Maxima war zwar enttäuscht, aber erstaunt über die Freundlichkeit des Mannes und hoffte, dass es sich nicht um einen Bullen gehandelt hatte. Sonst würden ihre ‚Geschäftsideen‘ eher im Sande oder in einer Zelle verlaufen als ihr es lieb sein konnte.
Da sie offenbar wahrgenommen wurde, verschob sie ihren Heimgang noch eine weitere halbe Stunde. Doch weiter ereignete sich nichts mehr. Es hielt kein weiteres Auto mit einem potentiellen Kunden an.
Zu Hause erzählte Maxima die Erlebnisse ihres Erkundungsausfluges in allen Einzelheiten. Sie kamen zum Schluss, dass es wohl doch etwas schwieriger sein werde, in einer Schwulenhochburg als weibliche Liebesdienerinnen Fuss zu fassen und sich zu etablieren.
Einige Tage später besprachen sich die drei Frauen wieder bezüglich ihres Vorhabens. Sie kamen überein, dass sie es wagen wollten.
Als erstes aber mussten sie mit ihren jetzigen ‚Arbeitgeber‘ zurechtkommen.
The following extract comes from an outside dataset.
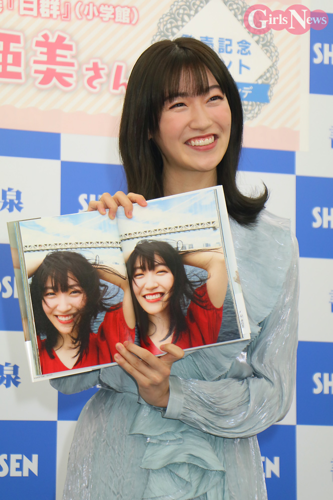 約8年ぶり、ソロ活動を開始してからは初の写真集。タイトルの『白群』について「白の中に透明な水色が入っている淡い色。幼いころから好きな色だったので、念願の3冊めの写真集のタイトルに使わせていただきました。今日の衣装も白群カラーです」と紹介。

In ihren Etablissements konnten nur Maxima und Natascha die Angelegenheit regeln. Sie gaben Susi nicht Preis, auf welche Weise diese Regelung stattgefunden hatte. Es war allen klar, einfach so aus einem solch speziellen Vertrag wie sie in der Szene vorhanden sind, kommt man normalerweise nicht raus. Schliesslich handelt es sich nicht um normale schriftliche Verträge, die an gesetzliche Vorschriften gebunden sind und die man einklagen kann, wenn sie nicht eingehalten würden. Normalerweise müssen sich die Damen bei ihren Zuhältern freikaufen, wenn sie den einseitigen Vertrag künden wollen.
Susi hatte nicht so viel Glück mit ihrem ‚Arbeitgeber‘. Wohl bekam sie die Bewilligung, sich an der neuen Geschäftsidee zu beteiligen. Sie bekam den Befehl, auch von ihrer neuen Nebenbeschäftigung den Anteil von siebzig Prozent abzugeben. Ihr Zuhälter, Johnny Bellami, mit richtigem Namen Hans Schön, machte ihr seinen Standpunkt gleich mit einer Tracht Prügel klar. Dies ist der normale Fall, wie Johnny eine Vertragsklausel einseitig einführt. Nur schon mit einer solchen Idee zu ihm zu kommen, konnte er gar nicht fassen. Susi steckte die Prügel locker weg; sie ist sich gewohnt, dass es hart zu und her ging, wenn Johnny nicht zufrieden war. Zum Schluss der einseitigen Besprechung vergewaltigte Johnny Susi auf brutale Weise um ihr zu verdeutlichen, dass er sie als sein Eigentum betrachte und sie dies nie vergessen dürfe. Als er mit ihr fertig war und sich ins Bad zurückzog konnte sie sich glücklicherweise davon machen, bevor sie ihm sagen musste, wo sie zurzeit logierte und ihre Geschäfte machte.
Die Frauen fanden, dass sie in dieser Wohnung bleiben wollten. Man kennt sie hier nicht. Sie sind zwar angemeldet, aber die Gemeindebehörden sind bekanntlich verschwiegen und sie sind somit schwer zu finden. Die Miete konnten sie fortan auch selber direkt Rony Brunner entrichten. Maxima konnte über ihre Chefin die Verbindung zur Freundin von Rony herstellen. Milliza und sie verstanden sich als Landsmänninnen von Anfang an bestens. So wurde die neue Vereinbarung auch ohne Probleme getroffen. Die drei Frauen entrichten monatlich einen bestimmten Betrag an Maxima, die ihrerseits das Geld an Milliza und Rony überbringt.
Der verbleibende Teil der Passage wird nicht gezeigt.